(Given data)

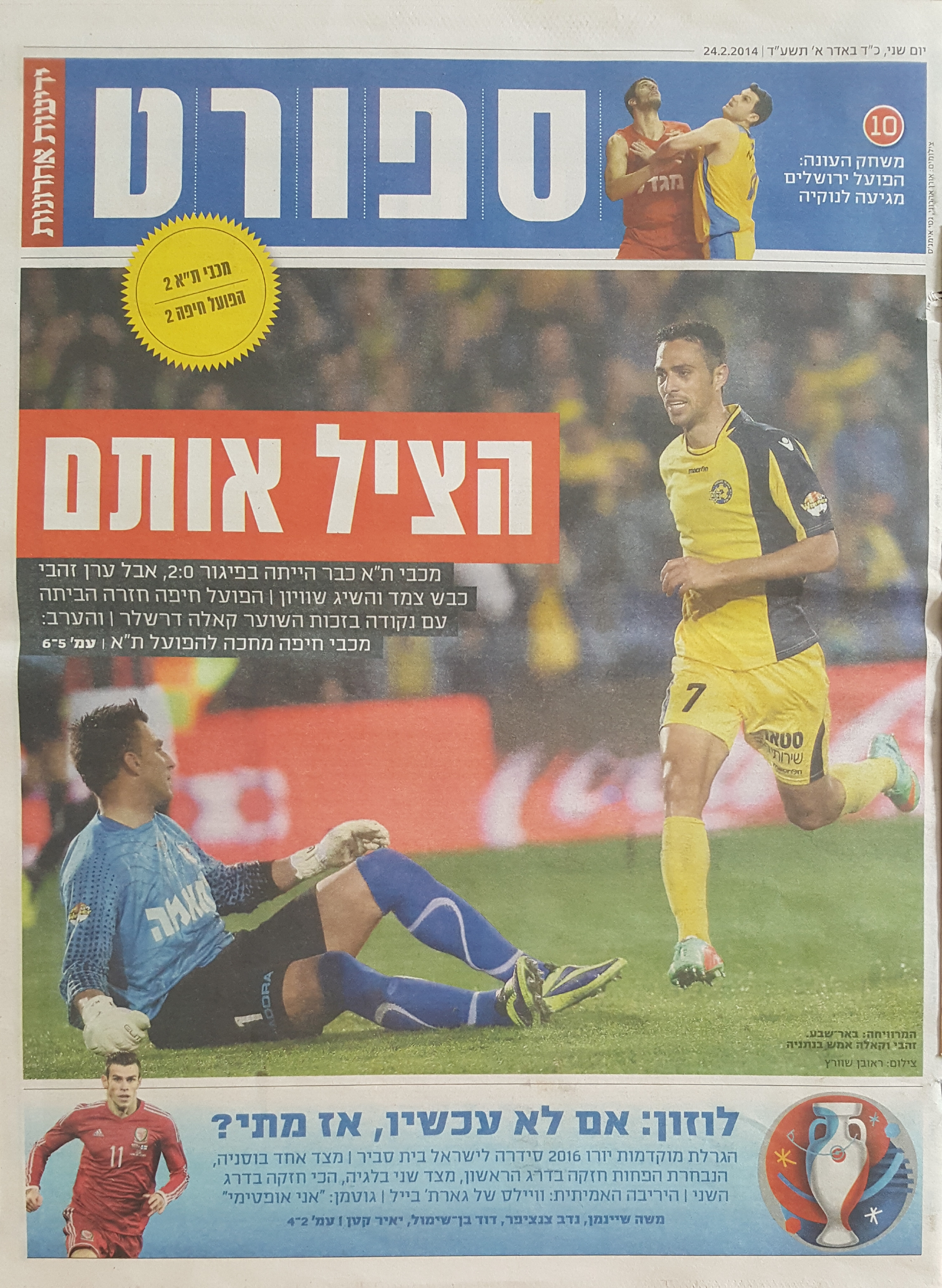 - (הורדה) הפועל חיפה 23-02.2014 עיתון1.jpg . . 3,636 × 2,660 . . 5.65 מ"ב . . Ticketmaster . . 09:10, 10 באוקטובר 2020
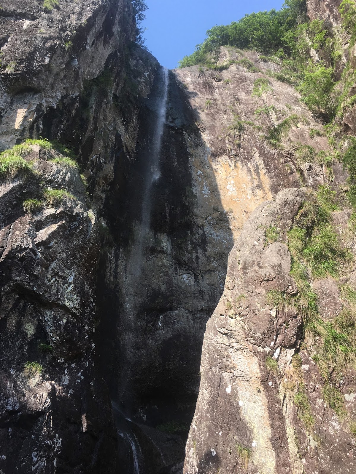 劳动节 we got up early to get a train to yandang mountain. , we were both pretty tired, upon arriving we got the local bus , taxi guys offered us but the bus left pretty soon so we just got that, though it was a bit slow as the road was winding and full of cars, a bumpy slow ride we got it to the waterfall area getting a student entrance. we didn't need to walk far, and unfortunately due to the season the waterfall wasn't flowing very rapidly or largely, so we didn't stay long, bit disappointing as that was all there really was to see. we tried some local weird jelly type drink, i wasn't the keenest haha (果子冻) we then came across some local "cigars" wrapped in tea leaves/ jim called them BANDIT CIGARS 土匪烟 we found a nearby tea field with no-one in it we sat down in the sun, put on some music and tried out the cigar (jim going first and coughing haha did look totally badass though. afterwards we decided to walk on down and explore the areas ourselves, the next proper scenic area was quite far but we ended up finding something better!\ it was still
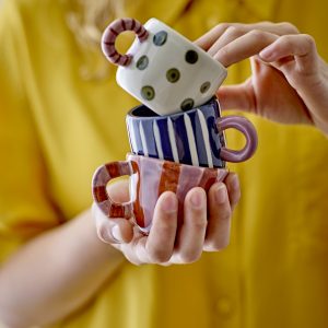 Su asa está decorada con rayas en tonos rojos y rosas, mientras que la taza está adornada con lunares verdes.
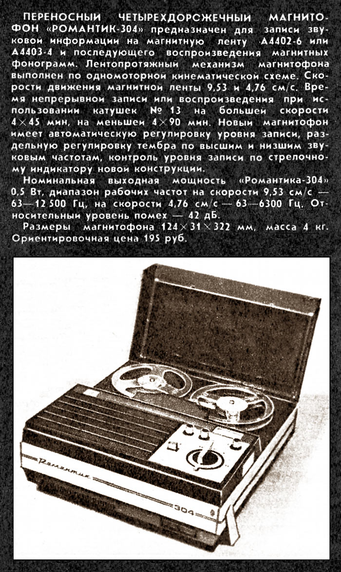 катушечный магнитофон "Романтик-304" с начала 1976 года выпускал Горьковский

(End Given data)

_Your task_:
Reproduce, exactly and without pictures, the lines above from the one containing "Su asa está" through the last line of the material, both ends included, and nothing more.

_Solved problem_:
 Su asa está decorada con rayas en tonos rojos y rosas, mientras que la taza está adornada con lunares verdes.
 катушечный магнитофон "Романтик-304" с начала 1976 года выпускал Горьковский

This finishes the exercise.